I thought this movie was going to be fucking awesome, but I was dead wrong. It's amazing Anthony Hopkins didn't punch Benicio el Boro in the mouth for being so bad in this movie.

Let us begin. So Benicio Del Toro plays an actor who goes home to find his missing brother. Emily Blunt is engaged or married to his brother and pretty much has no reason to be in this movie other than to show 2 seconds of side boob.  Ok, so it turns out that the brother was killed by a werewolf that is definitely not Anthony Hopkins. All of the townspeople are scared and converse with horrible uninteresting dialogue. BDT goes to investigate and encounters the werewolf that is definitely not Anthony Hopkins and gets bitten! Oh my fucking God, REALLY?!?! I didn't see that coming at all! The townspeople are like "Oh no, he's gunna turn into another werewolf just like that other werewolf that's not Anthony Hopkins." So they pursue BDT and he turns into a werewolf a few times and kills a bunch of people. Then BDT realizes that Anthony Hopkins killed his mom and goes to kick his ass. Oh no but wait! When he gets there Anthony Hopkins turns into the werewolf from the earlier scenes in the movie! Oh man, what a great twist at the end. Anthony Hopkins IS the werewolf. I never saw it coming...
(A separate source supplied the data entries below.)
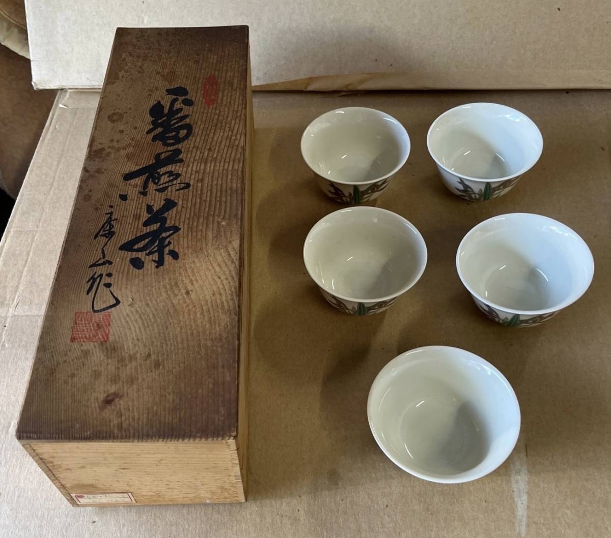 > 【No.503】茶道具 茶道 美濃焼 庫山窯 番煎茶碗 5客 共箱付き 陶磁器 茶器 未使用品 長期保管 現状品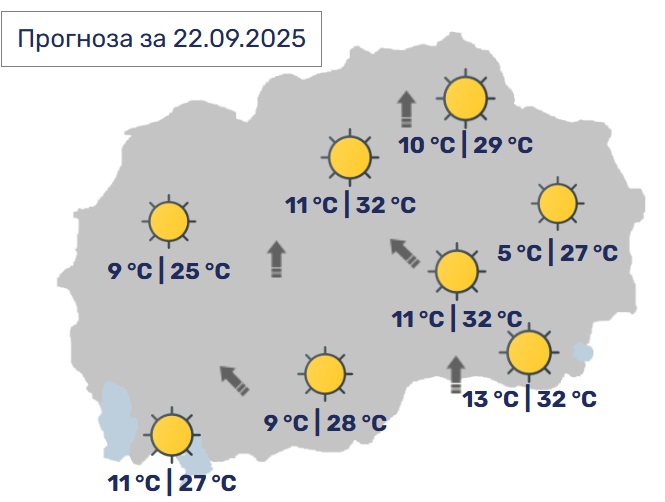 Утре времето ќе биде претежно сончево и топло со температури до 33 Целзиусови степени. Ќе дува слаб до умерен ветер од јужен правец.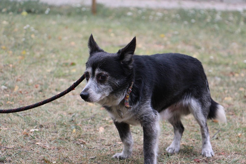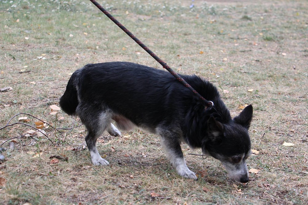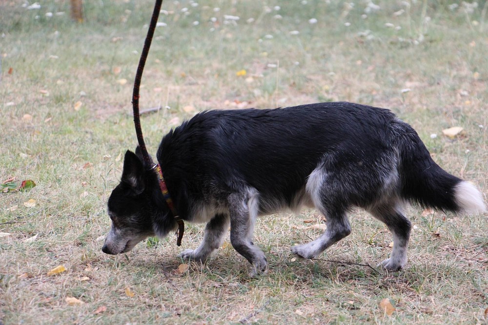 Pies z gminy Rogoźno, jest pieskiem starszym, trochę przestraszonym sytuacją. Przyjechał z jednego domu z Tarą.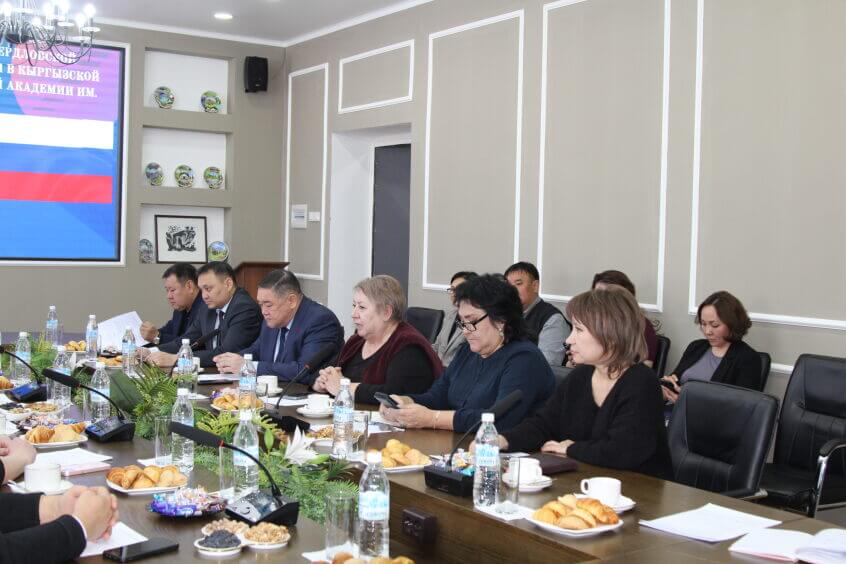 От Кыргызской Государственной Медицинской Академии присутсвовали: Индира Кудайбергенова - ректор КГМА им.И.К.Ахунбаева; Гульмира Джумалиева - проректор по международным связям и стратегическому развитию; Кенешбек Ырысов - проректор по учебной работе; Ниязбек Маматов - проректор по научной и лечебной работе; Гульнара Исакова - начальник учебно-методического отдела; Турниса Юсупова - заведующая международным отделом, Алтынай Байтелиева - заведующая отделом научно-инновационной и клинической работы; Азамат Кылчыкбаев - декан факультета последипломного медицинского образования; Айнура Кульжанова - заместитель декана факультета последипломного медицинского образования; Айбек Ибраимов - директор Центра непрерывного и дистанционного обучения.

Seriously though, the people that are responsible for this "film" should be fired. Or executed.

Movie Review: Robin Hood (Russell Crowe)

Here's a phone conversation I definitely had with Russell Crowe after seeing his new Robin Hood movie.

RC: Hello?

ME: Fuck you Russell. Is it OK if I call you Russell?

RC: I suppo-

ME: Fuck you Russell.

RC: Uhhhh?

ME: I can't believe I spent money on renting Robin Hood instead of waiting for it to hit Netflix. This movie is terrrrrrrible. The whole time I was watching it, I was thinking about watching Robin Hood with Kev Costner. That movie fucking rules. Bryan Adams soundtrack? Boom. Even Bryan Adams couldn't save this movie.

RC: Well, we were kinda goin' for a different approach, mate. Excuse me a minute while I open my Fosters.

ME: Ok so I guess this movie is kind of like a prequel, except that Robin Hood is 45 already. Good job casting department! Maybe if they got Morgan Freeman to play your side kick the movie would have been good. Maybe.

RC: Well, I-

ME: Fuck you Russell.

Thursday, September 9, 2010

Movie Review: Gran Torino

Should have been called "Clint Eastwood is a racist and also has a Gran Torino."  This movie is not very good (unless you're watching it as a comedy).  The dialogue is awkward and I'm pretty sure Clint Eastwood is dead and being held up by strings.  Let me break it down for yah.  Clint Eastwood hates everyone and lives in a community with tons of asians whom he calls swamp rats and gooks...constantly.  After the asian girl explains that her people actually fought on the side of the US during Vietnam, he continues to call her a swamp rat and a gook.  Clint, were you not listening to what she said?  Oh yeah, I forgot, you've been dead for like ten years and can't hear anyone anyway.

P.S.  That movie with Kevin Costner and the kid in the ghost costume sucked too.

Movie Review: Boondock Saints 2: All Saints Day

Way to go. Way to make a sequel that is exactly the same as the first one, but worse...and the first one isn't even that good. For some reason Boondock Saints 1 became this "cult classic" for some unknown reason other than stupid people like stupid shit. Both movies are pretty much sub-par Tarantino films with really bad dialogue. Like really bad. And what's with the two brother's dialect? If you've seen either of these you know they are inseparable and basically suck one another off. If this is true why do their Irish accents sound totally different? This movie should be called Boondock Saints 2: Who gives a flying fuck about this pile of shit?  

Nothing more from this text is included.